Spielbegeisterung

The Talos Principle ist ein Puzzel-Spiel in der Ego-Perskeptive. Man spielt in ca. 30 Stunden unglaublich liebevolle gestaltete Maps, detailliert und atmosphärisch zugleich. Selbst eine passende InGame-Story zum ganzen fehlt nicht. Nicht nur einmal habe ich mitten drin aufgehört zu spielen und mir die Maps nur angesehen oder den Ausblick einfach nur genossen.

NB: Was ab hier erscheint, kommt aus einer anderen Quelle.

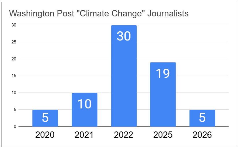 This week, the Washington Post laid off 14 of its remaining 19 climate change journalists: The Biden-era peak was in late 2022, when the Post announced that it “nearly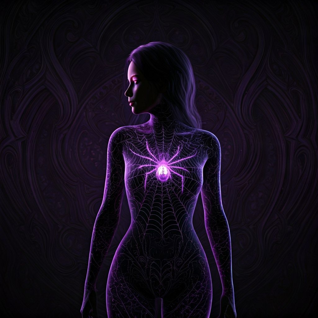 This image shows a gothic woman's silhouette in a spider web bodysuit with glowing rune tattoos. The mystical scene features deep colors and ornate details, evoking a fantasy world with cinematic polish.

Ein absolut phantastisches Spiel, das aber auch viel von einem abverlangt, denn die Puzzles sind stellenweise verdammt knackig und wirklich schwer. Ohne etwas Hilfe von Youtube hätte ich einige ganz sicher nicht geschafft. 
Das die Entwickler sehr viel Herzblut in das Spiel gesteckt haben um es so schön zu machen wie es nun ist, sieht man auch an der letzten Sequenz (vielleicht SpoilerAlarm):
*hachz – so muss das.

Konzerte in Wiesbaden – Fehlanzeige

Wieder mal ärgere ich mich, dass es Wiesbaden nicht schafft eine weitläufigere Konzertkultur anzubieten. Nach meiner Aufmerksamkeit haben wir den Schlachthof, doch die dort angebotenen Musik trifft nur sehr selten meinen Geschmack und dann mag ich wegen der Gegend nicht wirklich hingehen. Ich weiche also zu 100% nach Mainz oder Darmstadt in die tolle Centralstation aus, die wesentlich flexibler im Hosting von Konzerten und Veranstaltungen sind. Gerade Mainz mit seinen doch vielen Konzert-Lokaltäten bietet ein vielfältiges Programm, zu meist sehr erschwinglichen Preisen. Wiesbaden braucht natürlich erst einmal ein neues Congress-Center für ich weiß nicht wie viele Millionen, damit der Ball des Sportes hier bleibt (und die lokalen Luxushotels auslastet und die hiesige ‘hot volee’ sich endlich mal zeigen darf) und einmal im Jahr der Congress der Anästhesisten stattfinden kann. Es kann ja sein, dass es neue Kongresse und Konzerte nach Fertigstellung geben wird, aber wer kommt denn bitte freiwillig nach Wiesbaden? Vermutlich sowieso nur die, die in Frankfurt, Darmstadt und Mainz nichts mehr finden.

Konzert: Anna Depenbusch

Ich hatte angesichts meiner quer-gehörten Alben deutlich mehr “Liedermacher-Style“ erwartet und bekam zu häufig „schlager-artiges“ präsentiert. Wir (die Gattin wurde zwangsverpflichtet) hatten also unsere Mühe dem Konzert dauerhaft gut gelaunt zu folgen. Für mich braucht sie keine Band, ich fand sie stellenweise sogar deplatziert und ‚over-enganged‘, alleine ist sie sehr viel besser. Fazit: 3- , Wiederholungsoption: nope. (Geschmäcker sind verschieden).